Prime numbers

Prime numbers are numbers that can only be divided by itself and one. A prime number has two divisors so one is not a prime number. Prime numbers have been proved that there are a infinity of them by Euclid in Euclid's Element. Two numbers are said to be coprime if the only divisor that divides both of them is one (gcd(a,b) = 1). Here, we are going to tell you different ways to check if a number is a prime number. One technique is to do a brute force algorithm, this algorithm will see if there is a number from 2 to n-1 that can divide n.

Brute force

Pseudo-code :

for i=2 to i=n-1 i += 1 {
    if n % i == 0 {
        print : n is composite
        break
    }
}

C++ code :

for (int i=2; i<=n-1; ++i){
    if (n%i == 0){
        cout << n " is composite\n";
        break;
    }
}

Optimisation : you might have already seen that n can not be divided by sqrt(n)+1 so in the above for loop you could replace n-1 and put sqrt(n). This algorithm can be inefficient if we have two thousand integers to check.

Sieve of Eratosthenes

This solution consists to take the next  number let's say n that has not been marked as true and every number that have n as divisor and have not been marked are marked as true.
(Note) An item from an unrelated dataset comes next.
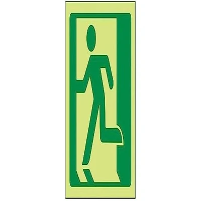Helps to fulfil obligations to identify escape routes in a fire emergency for all members of staff and visitors as per Health and Safety (Safety Signs & Signals) Regulations 1996 Conforms to EN ISO 7010:2012 by featuring a green background with a white pictogram or text positioned centrally Square Orientation. Sign features ISO compliant Running Man Left Logo Highly durable Glow In The Dark Self Adhesive Vinyl and screen printed message will stand the test of time Sign measures 100 x 100mm. Self Adhesive material will adhere securely to most surfaces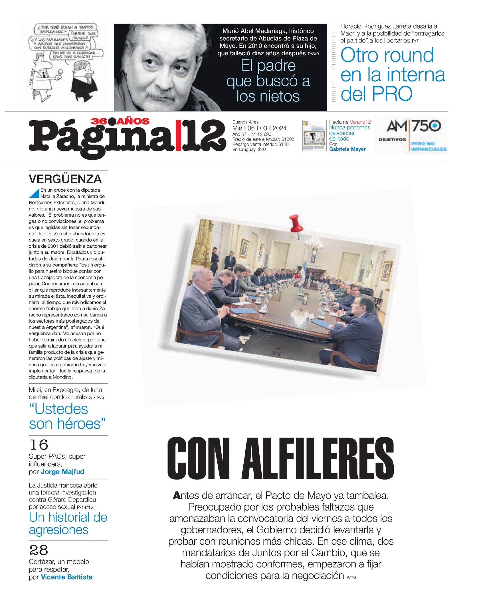 Murió Abel Madariaga, histórico secretario de Abuelas de Plaza de Mayo. En 2010 encontró a su hijo, que falleció diez años después P/8/9 El padre que buscó a los nietosHoracio Rodríguez Larreta desafía a Macri y a la posibilidad de «entregarles el partido» a los libertarios P/7 Otro round en la interna del PROVERGÜENZA En un cruce con la diputada Natalia Zaracho, la ministra de Relaciones Exteriores, Diana Mondino, dio una nueva muestra de sus valores. «El problema no es que tengas o no convicciones, el problema es que legislás sin tener secundario», le dijo. Zaracho abandonó la escuela en sexto grado, cuando en la crisis de 2001 debió salir a cartonear junto a su madre. Diputados y diputadas de Unión por la Patria respaldaron a su compañera: «Es un orgullo para nuestro bloque contar con una trabajadora de la economía popular.Condenamos a la actual canciller que reproduce incesantemente su mirada elitista, inequitativa y ordinaria, al tiempo que reivindicamos el enorme trabajo que lleva a diario Zaracho representando con su banca a los sectores más postergados de nuestra Argentina», afirmaron. «Qué vergüenza dan. Me acusan por no haber terminado el colegio, por tener que salir a laburar para ayudar a mi familia producto de la crisis que generaron las políticas de ajuste y miseria que este gobierno hoy vuelve a implementar», fue la respuesta de la diputada a Mondino.Milei, en Expoagro, de luna de miel con los ruralistas P/5 «Ustedes son héroes»16 Super PACs, super influencers, por Jorge MajfudLa Justicia francesa abrió una tercera investigación contra Gérard Depardieu por acoso sexual P/14/15 Un historial de Agresiones28 Cortázar, un modelo para respetar, por Vicente BattistaCON ALFILERES Antes de arrancar, el Pacto de Mayo ya tambalea.Preocupado por los probables faltazos que amenazaban la convocatoria del viernes a todos los gobernadores, el Gobierno decidió levantarla y probar con reuniones más chicas. En ese clima, dos mandatarios de Juntos por el Cambio, que se habían mostrado conformes, empezaron a fijar condiciones para la negociación P/2/3

Pseudo-code for finding prime numbers from 2 to 100000 :

for i=2 to i=100000 i += 1 {
    if not vu[i] {
        for j=2*i to j=100000 j += i vu[j]=true;
    }
}
// all numbers where vu[i] = false are prime numbers

C++ code for finding prime numbers from 2 to 100000 :

for (int i=2; i<100001; ++i){
    if (!vu[i]){
        for (int j=2*i; j<100001; ++j) vu[j]=true;
    }
}
// all numbers where vu[i] = false are prime numbers

Optimisation : In the first loop, we can see that we only need to do the loop to sqrt(100000) or sqrt(n). In this case n=100000. Also it is possible to do this algorithm in O(n).